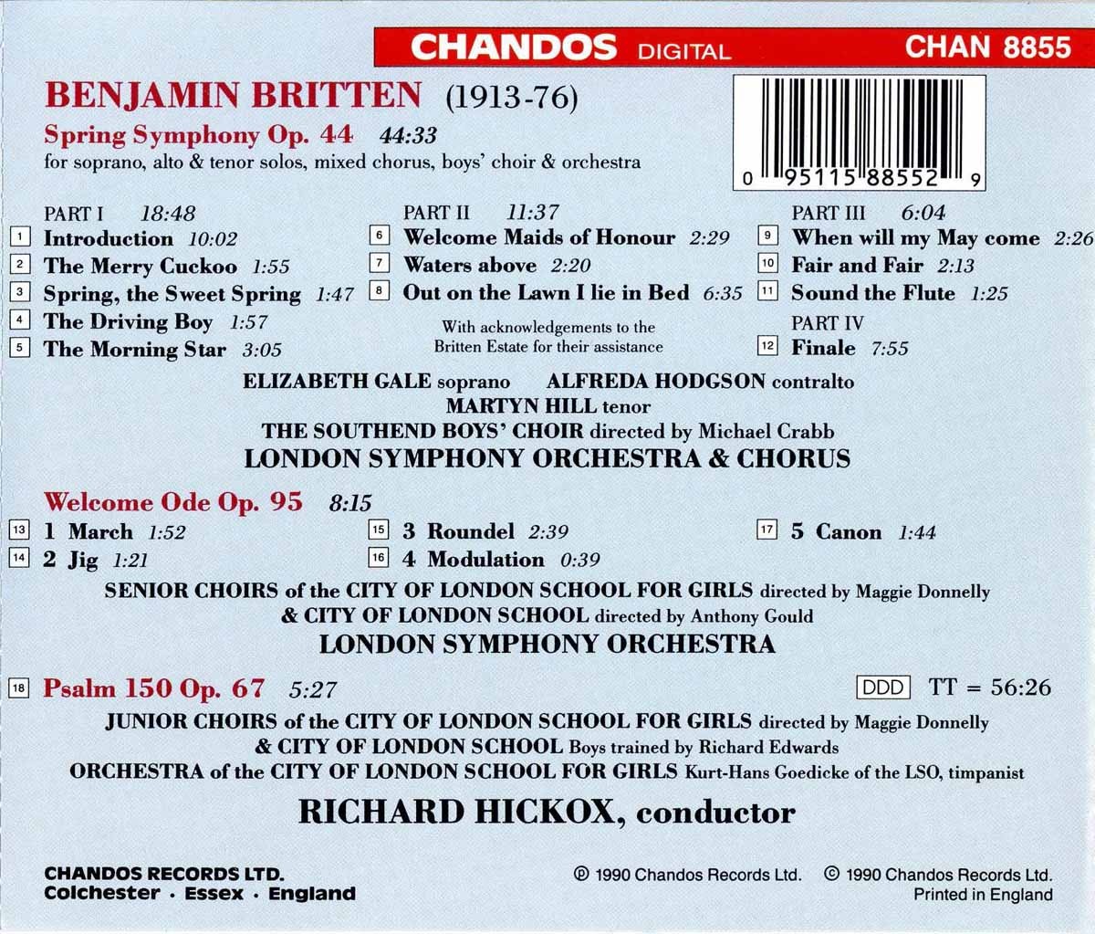 City of London School for Girls Junior Choir / City of London School for Girls Orchestra / City of London School for Girls Senior Choir / City of London School Junior Choir / City of London School Senior Choir / Gale, Elizabeth / Hickox, Richard / Hill, Martyn / Hodgson, Alfreda / London Symphony Chorus / London Symphony Orchestra / Southend Boys Choir
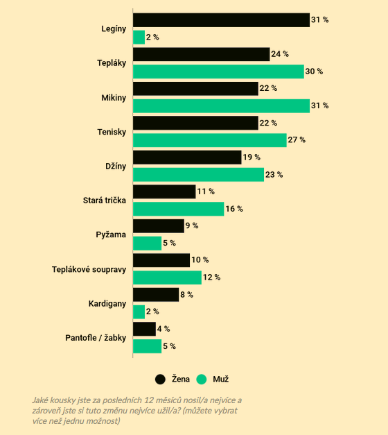 Až 68 % Čechů změnilo v pandemii styl oblékání. Prim hrály legíny,
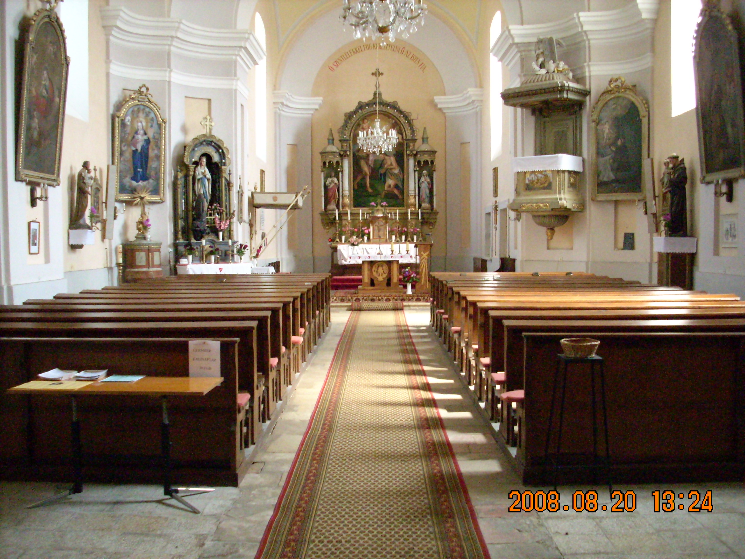 - A római katolikus templom szentélyében található Katona György erdélyi származású művész festménye, melyet 1998-ban, Földing Ernő festetett kántorizálásának 10. évfordulójára. A kép alatt felirat: "Márton Áron püspök", és Márton Áron püspök faragott címere, Nyulasi József pápai fafaragó munkája. Fénykép
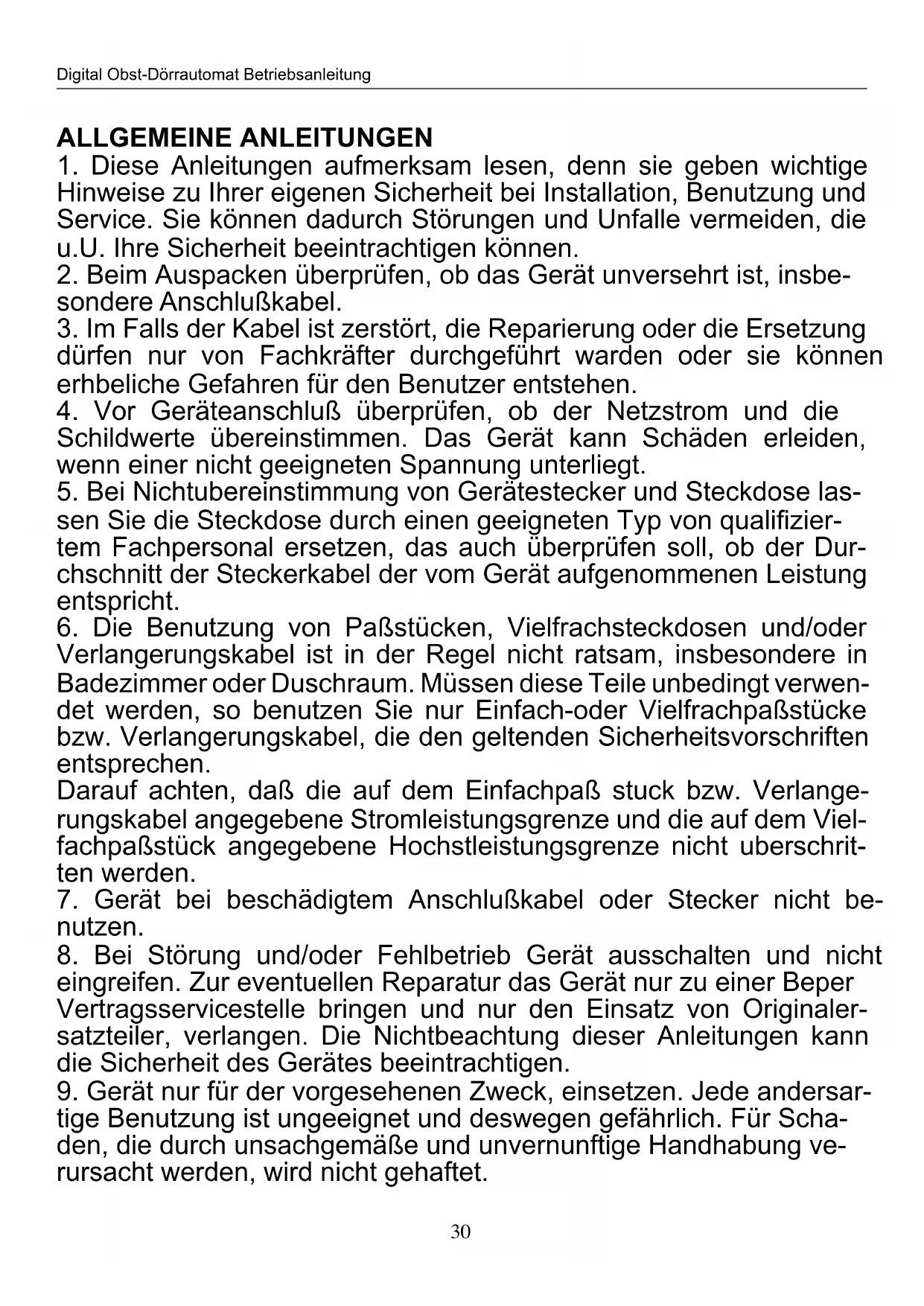 Beper Srl übernimmt keine Verantwortung für Schäden, die direkt oder indirekt Personen, Gegenstände und Haustieren betreffen könnten, als Folge der Nicht-Einhaltung aller in der Broschüre „Gebrauchsanweisungen und Warnungen“ enthaltenen Anweisungen in Bezug auf Installation, Bedienung und Wartung.
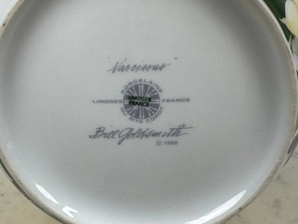 Вінтажна ваза з відомої серії Narcissus Flowers Colorful від Victoria Bill Goldsmith. Ваза виготовлена ліможською порцеляновою фабрикою Коро у 1986 році. Серія Flowers Colorful відрізняється яскравим декором з великих весняних квітів, які розкидані по основі предмета у вигляді букетів. На дні є клеймо виробника. Ваза в хорошому стані.
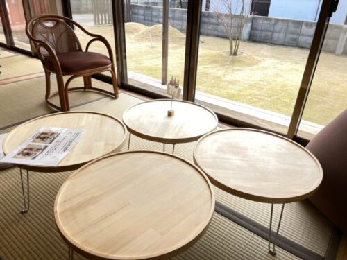 「自由にテーブルを動かして、好きな配置で座れるように…」と作られたテーブルも、ワークショップで手作りされたものです。子どもが飲み物をこぼしても大丈夫なようにフチがついていたりと、優しくて細かい気配りが随所に散りばめられています。
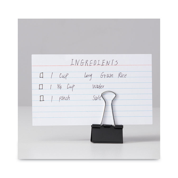 Ultra-efficient binder clips feature handles that can be hung, folded flat against clipped material, or removed for permanent binding. Efficient triangular design provides optimum strength and compression.
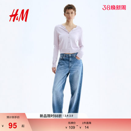 HM女装毛针织衫2026春季新款浅春系穿搭细密薄款针织开衫0579541
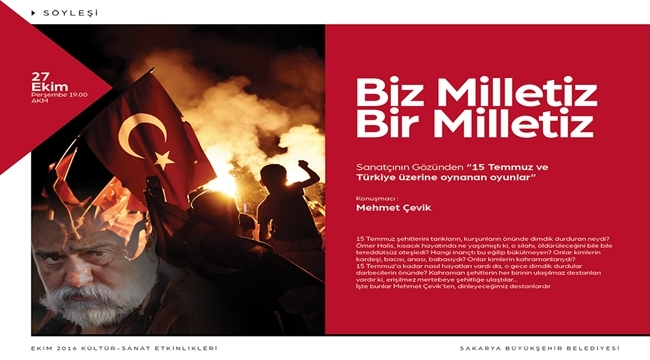 Sakarya Büyükşehir Belediyesi tarafından düzenlenen Ekim Kültür Sanat Etkinlikleri kapsamında 27 Ekim Perşembe günü 2 ayrı program gerçekleştirilecek. Günün ilk programında ‘Biz Milletiz Bir Milletiz’ söyleşisi AKM’de kültür sanat dostlarının beğenisine sunulacak. Saat 19.00’da başlayacak programa konuşmacı olarak ünlü tiyatro sanatçısı Mehmet Çevik konuşmacı olarak katılacak. Programda bir sanatçının gözünden 15 Temmuz süreci ve Türkiye üzerinde oynanan oyunlar ele alınacak. ‘Geçmiş’e Tanık OlunacakGünün ikinci programına ise Ofis Sanat Merkezi ev sahipliği yapacak. Ünlü yönetmen Asghar Farhadi’nin dikkat çeken yapımı ‘Geçmiş’ cep sinemada beyazperdeye yansıyacak. Sinemaseverler saat 20.00’da başlayacak ücretsiz gösterimde eski ve kuytuda kalmış bir sırrın su yüzüne çıktığı çarpıcı hikâyeye tanık olacak. Ücretsiz gösterim için rezervasyonlar [email protected] adresinden yapılabilecek. Büyükşehir Belediyesi’nden yapılan açıklamada, her iki programa kültür sanat dostları davet edildi.
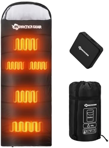Antarctica Gear Heated Sleeping Bag, 5pcs Heating Areas Sleeping Luggage with 16000mAh 12V Battery Pack, 3 Adjustable Heating Ranges Chilly Climate Sleeping Bag for All Season Climbing & Tenting
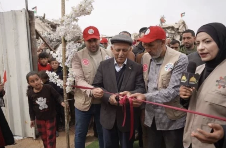 Çadır kentin açılışı için küçük bir tören de gerçekleştirildi. Burada konuşan Cibaliya Belediye Başkanı Mazın en-Neccar, Türkiye'ye ve ünlü sanatçıya yardımalrından dolayı teşekkür etti. Neccar, ''Evlerini kaybeden insanlarımız için burada hayatta kalmak zordu, şimdi ise Gazze kıyısına karşı güzel bir yer haline geldi" dedi.
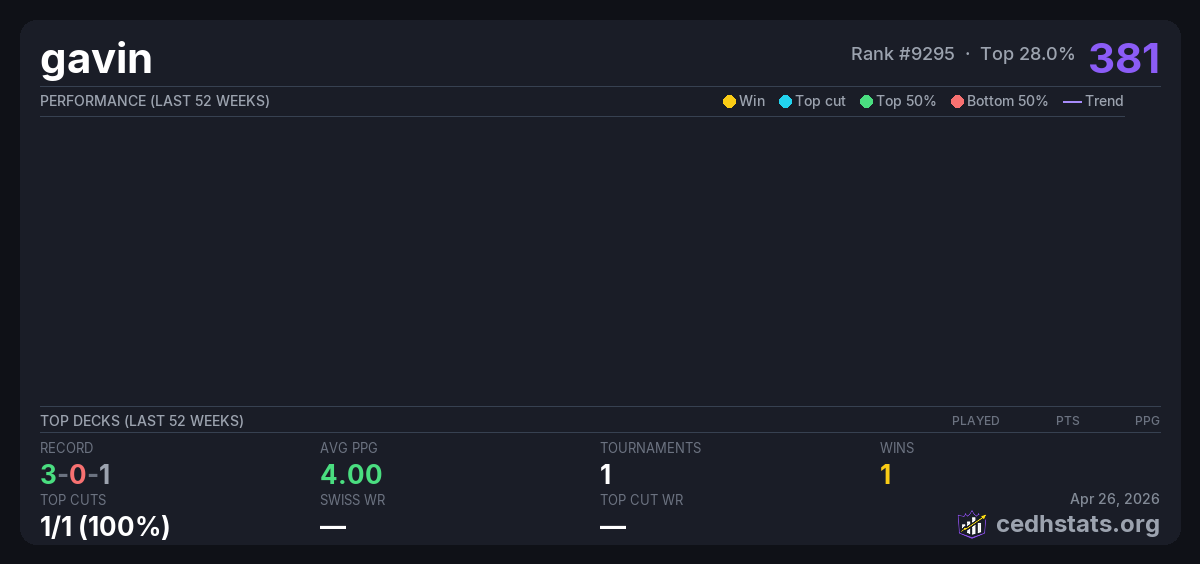 | monday cedh Aug 04, 2025 · 16 players | — | 1/16 | 3-0-1 | 4.00 | 381 |
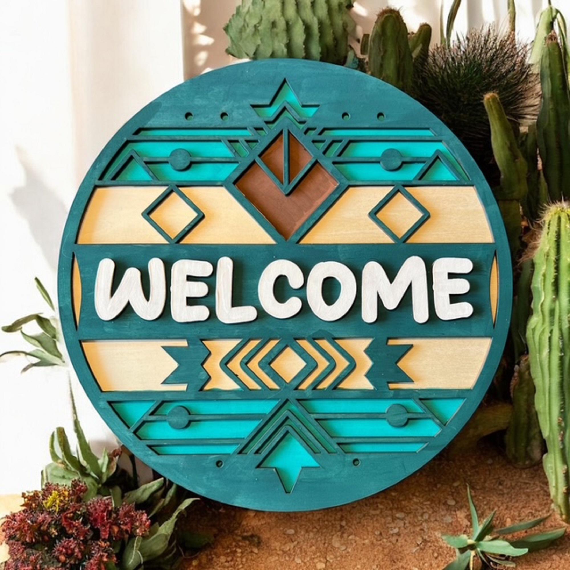 Southwest Welcome Door Hanger: Rustic Boho Porch Decor
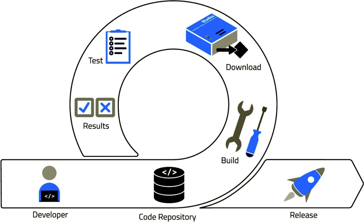 Ein typischer Anwendungsfall der flexiblen Schnittstellen zur Testautomatisierung ist Continuous Integration (CI, Bild 4). CI sieht vor, dass jedes Teammitglied, das gemeinsam mit anderen an einer Software arbeitet, seinen geänderten oder neu erstellten Code in kurzen Abständen in ein mit dem Team geteilten Repository integriert. Hierfür gibt es eine Reihe von geeigneten Continuous Integration Servern wie Jenkins, GitLab, TeamCity, CircleCI oder GitHub Actions. Mit der Integration löst man über eine CI-Software, die man inhouse oder in der Cloud hostet, eine schnelle und automatisierte Reihe von Schritten – eine sogenannte Pipeline – aus. Sie umfasst in der Regel den Build, statische Analysen sowie Unit- und Systemtests.
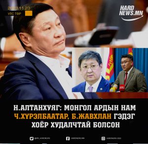 Чуулганы нэгдсэн хуралдааны эхэнд УИХ-ын гишүүн Н.Алтанхуяг агаарын бохирдол, төсөвтэй холбоотой асуудлаар үг хэлэв. УИХ-ын гишүүн Н.Алтанхуяг:...
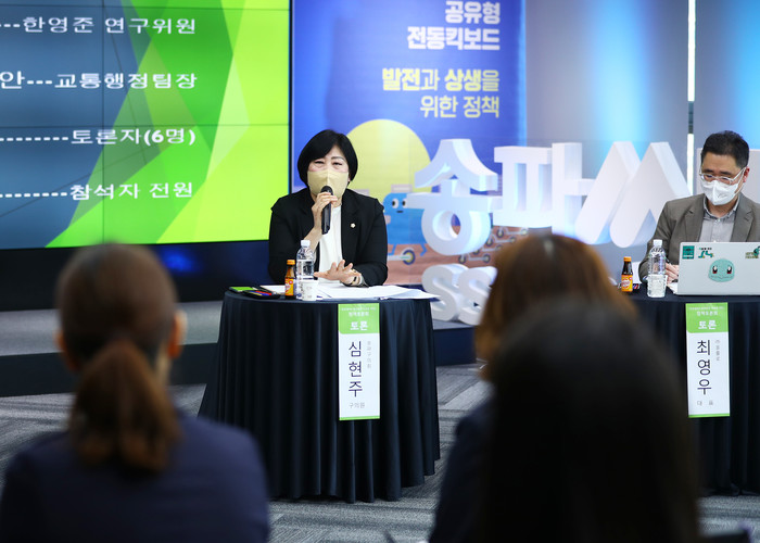 심현주 서울 송파구의회 의원이 최근 KT송파타워 3층 송파쌤 헤드센터에서 열린 공유형 전동킥보드(PM) 발전 및 상생 방안 마련을 위한 정책토론회에 참석해 토론을 진행했다. 사진은 토론을 하고 있는 심 의원의 모습. (사진제공=송파구의회)
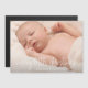 Announce the birth of your new baby boy or girl with this modern photo announcement magnet featuring the message, "Merry Little Christmas" in an elegant thin white script along with baby's name and birth date over your favorite horizontal photo.
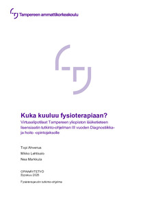 (2025)Opinnäytetyön tavoitteena oli kehittää Tampereen yliopiston lääketieteen tiedekunnan Diagnostiikka ja hoito -opintojakson sisältöä lisäämällä opiskelijoiden tietoa moniammatillisuudesta sekä fysioterapiaan ohjautuvuudesta ... -
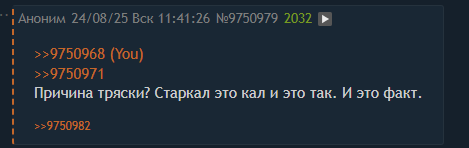 >>9754370 Как я и сказал. Будучи обоссаным с головы до ног в старкалотреде, колясочное ебанько на таблетках прибежало срать сюда, но и здесь его проткнули фактом, что старкал это кал.
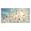 Löwenzahnuhren bei Sonnenuntergang im Sommer vermitteln eine ruhige Atmosphäre. Es sieht aus, als würden sie im Wind wehen. Schaffe mit diesem schönen Foto eine entspannte Atmosphäre in deinem Zuhause und träume von warmen Sommernächten.
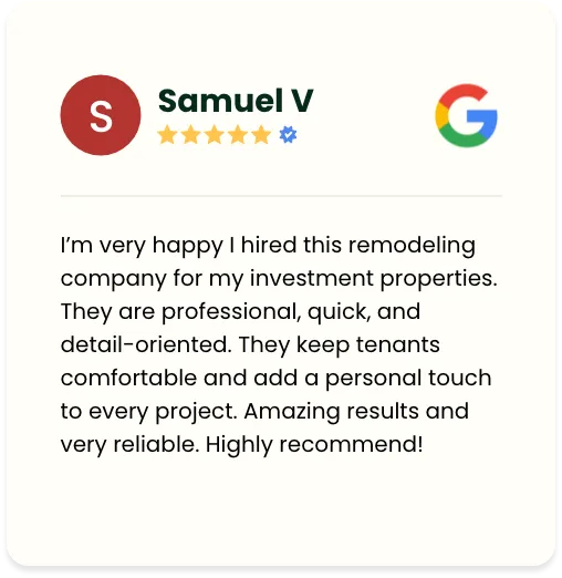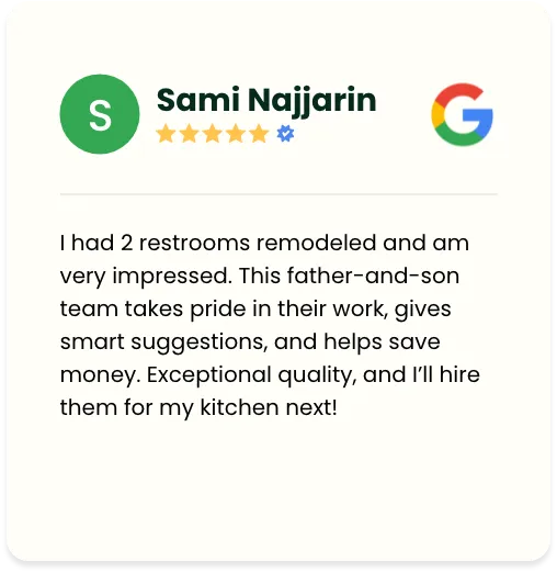 With 20 years of experience, we craft custom remodeling solutions for every unique need, ensuring quality work, timely delivery, and transparent communication. Our father-and-son duo brings a personal touch to every project, creating a familial culture from start to finish. Your satisfaction isn’t just a goal—it’s our priority.

● ASSIGNED TASK
Take the lines above from the top of the records through the one with "Až 68 % Čechů" and repeat them exactly, without any pictures.

● SOLUTION TO THIS TASK
 City of London School for Girls Junior Choir / City of London School for Girls Orchestra / City of London School for Girls Senior Choir / City of London School Junior Choir / City of London School Senior Choir / Gale, Elizabeth / Hickox, Richard / Hill, Martyn / Hodgson, Alfreda / London Symphony Chorus / London Symphony Orchestra / Southend Boys Choir
 Až 68 % Čechů změnilo v pandemii styl oblékání. Prim hrály legíny,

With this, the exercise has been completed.